Leaving A Doll's House: A Memoir

Katharine Whittamore reviews "Leaving A Doll's House: A Memoir" by Claire Bloom.

Published October 22, 1996 7:00PM (EDT)

Curious going, Claire Bloom's controversial new book. It's neither preening, like most celebrity biographies, nor is it particularly insightful, as a good memoir should be. Nonetheless, the subject matter -- Hollywood, the Old Vic, and particularly the purgatory of her experience with Philip Roth--propel you along. We learn of the actress' childhood during the Blitz, including the time the Luftwaffe dropped a circle of land mines around their shelter. So Bloom, her mother and brother--her father, whom she calls Eddie, was a ne'er-do-well who gambled away most of his paychecks--flee to Fort Lauderdale, to wait out the war with mah-jongg-obsessed relatives. There, little Claire wins a singing contest.

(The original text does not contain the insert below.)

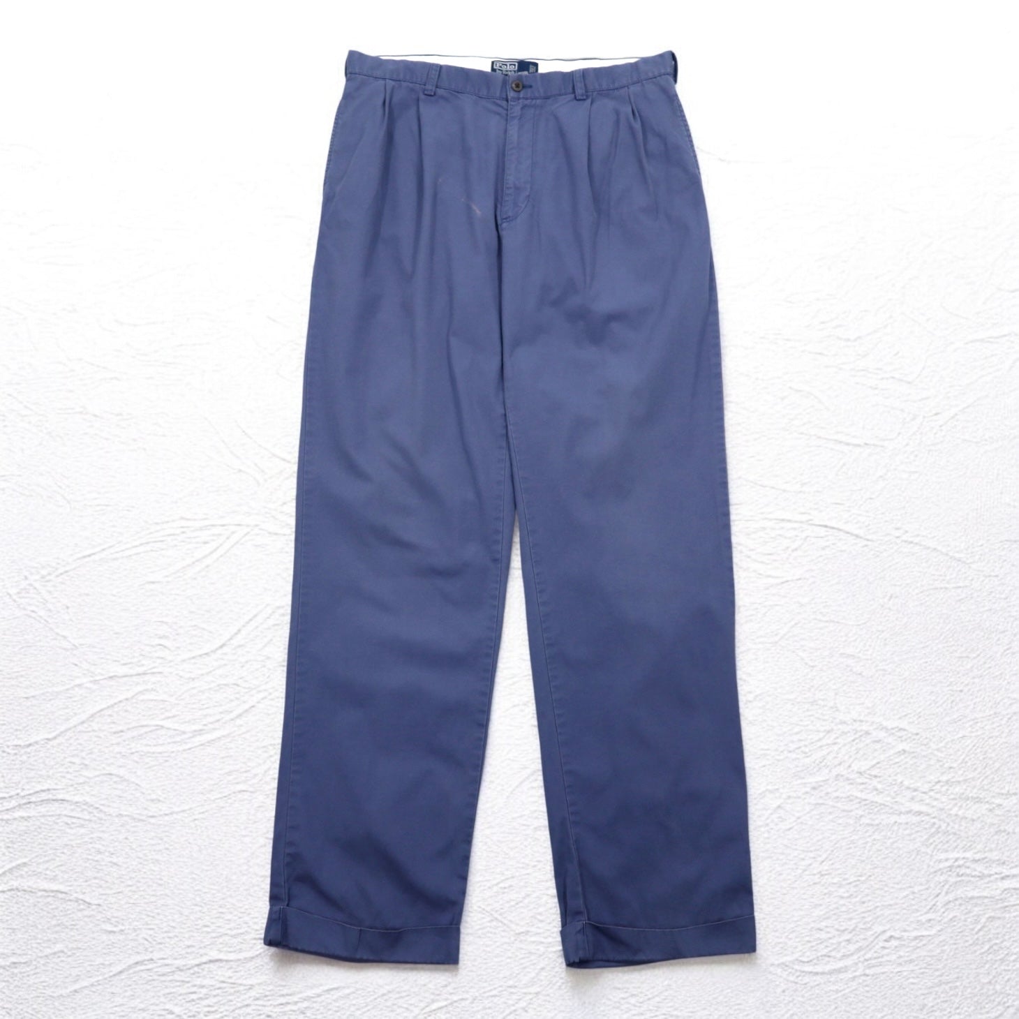 Polo by Ralph Lauren 90年代 タック ワイド チノパンツ L ブルー コットン HAMMOND PANT
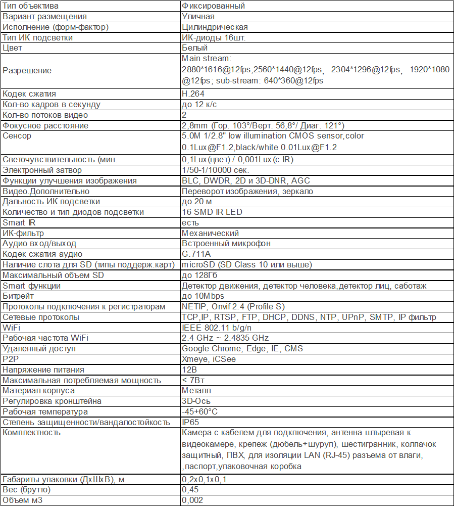 Уличная 5 Мр WiFi видеокамера WMi IVG-G5-WPNG , микрофон, IR,булет, 2592х1944 TVL, микро SD карта. Ик 20м 90град.

After V-E Day, things happen quickly for her: she enrolls in a British performing arts school, falls for Richard Burton in a Gielgud-directed "The Lady's Not for Burning" ("my first--my greatest--love, the only man to whom I have fervently and completely given all of myself"), loses the role of Ophelia to Jean Simmons in Olivier's filmed "Hamlet," and begins her career on the London stage. Charlie Chaplin hears of the 19-year-old talent, and casts her opposite him in "Limelight." She's so young, he literally acts out her part and, "I, obedient and captivated acolyte, would obey and copy everything he did."

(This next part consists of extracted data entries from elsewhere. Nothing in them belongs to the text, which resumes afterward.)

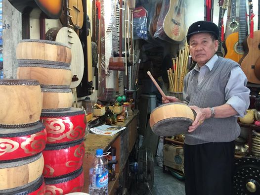 การเดินหาร้านกลองของคุณฝามชี๊ติ๋งบนถนนห่างน้อนนั้นไม่ยากเลยเพราะร้านมีการแขวนกลองไว้บริเวณสองข้างของประตูอย่างโดดเด่น โดยที่ร้านมีทั้งกลองใบเล็กและใบใหญ่ บางใบทาสีแดงและวาดลายเมฆแล้ว แต่บางใบก็ยังไม่ได้ทาสี นอกจากนี้ ในร้านยังมีเครื่องดนตรีอื่นๆ เช่น ด่านแจงหรือพิณ 16 สาย พิณสายเดียวและกีตาร์ เป็นต้น เพราะคุณฝามชี๊ติ๋ง วัย 85 ปีมีความสามารถทำได้ทั้งกลองและเครื่องดนตรีชนิดอื่นๆด้วย เขาได้เล่าเรื่องราวต่างๆในช่วงที่เขาเริ่มเรียนการทำกลองจากพ่อเมื่อกว่า 70 ปีก่อนว่า “ผมเกิดที่หมู่บ้านด๋อยตาม ตำบลยวีเตียน จังหวัดห่านาม ซึ่งอยู่ห่างจากกรุงฮานอยประมาณ 60 กิโลเมตร ชาวบ้านทุกคนในหมู่บ้านล้วนทำอาชีพผลิตกลอง ตอนอายุ 13 ปี ผมพร้อมกับคุณพ่อต้องอพยพไปจังหวัดเหงะอาน – ห่าติ๋ง พวกเราต้องเดินเท้า 7 วันเต็ม มือถือกิ่งไม้ใหญ่เพื่อหลบเครื่องบินทิ้งระเบิดของฝ่ายศัตรูและต้องหลบในหลุมหลบระเบิดริมถนน พอถึงจังหวัดเหงะอาน ผมและพ่อก็ทำอาชีพผลิตกลองเพื่อเลี้ยงชีพ ตอนอายุ 14 ปี ผมก็ผลิตกลองได้ด้วยตนเองและแยกกับพ่อเดินทางไปทำกลองในจังหวัดต่างๆในภาคเหนือและภาคกลางเวียดนาม ผมไม่เคยคิดว่า จะละทิ้งอาชีพนี้เพราะอาชีพนี้จะคงอยู่ตลอดกาล โดยเฉพาะเมื่อเรามีฝีมือดีก็จะมีคนสั่งซื้อเรื่อยๆ แม้รายได้ไม่สูงเท่ากับคนขายกลองแต่ก็พออยู่พอกิน”
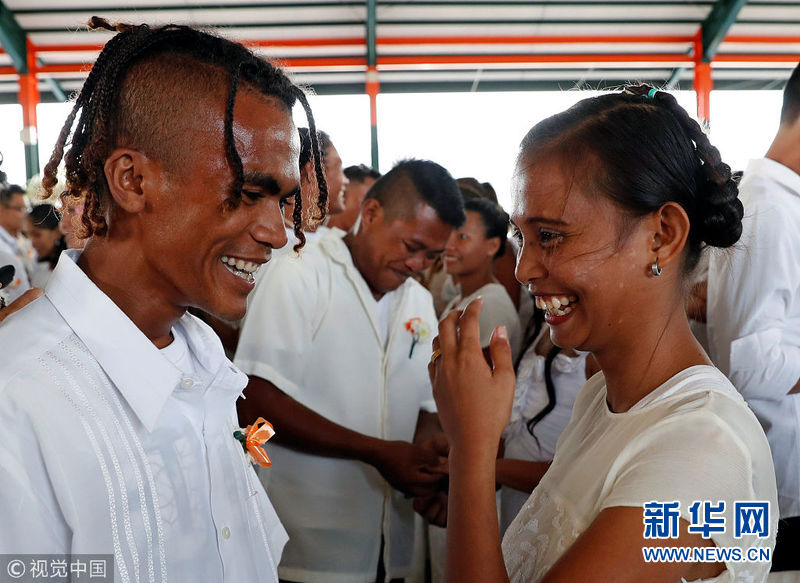 2月13日,菲律賓蘇比克,情人節前夕,當地舉辦集體婚禮。(圖片來源:視覺中國)
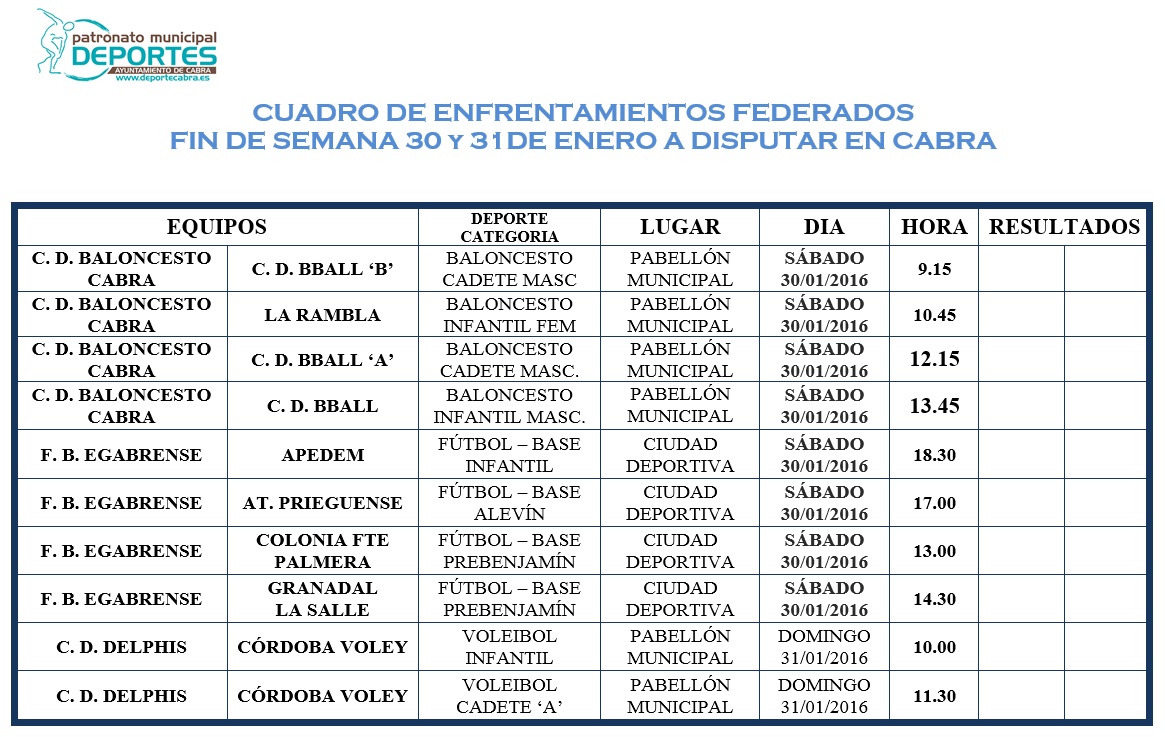 Fin de semana con interesantes enfrentamientos federados los que se van a poder presenciar en las instalaciones municipales. En Baloncesto el equipo cadete A de Cabra, actual líder, recibe al segundo clasificado de la competición, en un partido que puede dejar sentenciados los puestos de cabeza en la fase regular. Por su parte el Club de Voley, recibe a uno de los equipos de la capital con mayor potencial y donde se puede ver el buen nivel de las jugadoras de Cabra.
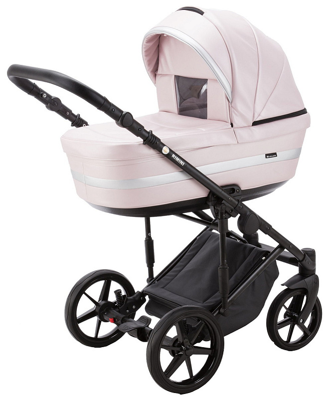 Детская коляска Adamex Rimini Deluxe 2 в 1 RI245 РОЗОВ.КОЖА+ СЕРЕБР.ОТДЕЛКА
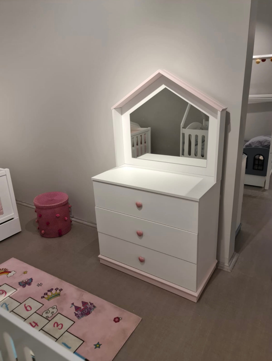 הכולל מיטה+מזרון ומיטת תינוק + מזרון ושידה עם 3 מגירות +מראה

Affairs are promenaded. On Olivier, during the shoot for "Richard III": "It was the fascination of the rabbit to the snake ... I was never remotely in love with him." On Yul Brynner, when she was lonely in Hollywood: "Peering deeply into my eyes, Yul would say to me: 'You are my people.' I didn't have the slightest idea what he meant, but I loved it anyway." On Anthony Quinn, during a botched Tennessee Williams play: he "proceeded then to seduce me, and I complied. My mistake, his power trip."

After Quinn, Bloom finds safe harbor in marriage to Rod Steiger--she got pregnant with their daughter Anna, and he did the honorable thing. From there it's marriage number two to megalomaniacal producer Hilliard Elkins, so disliked by Anna he is nicknamed "The Unmentionable." After that comes Roth, who reads like such a mind-game spinning brute, he fairly blisters the pages. They're certainly a pair--she fears abandonment and he fears smothering. Bloom's pal Gore Vidal proved prescient: "'You have already had Portnoy's complaint,' proclaimed Vidal firmly, referring of course to my marriage to Elkins. 'Do not involve yourself with Portnoy.'"

Of course she does, for 17 years, and a third of the book. Someone with more self-knowledge would have left long before. That someone would also have written a more trenchant, less gauzy book.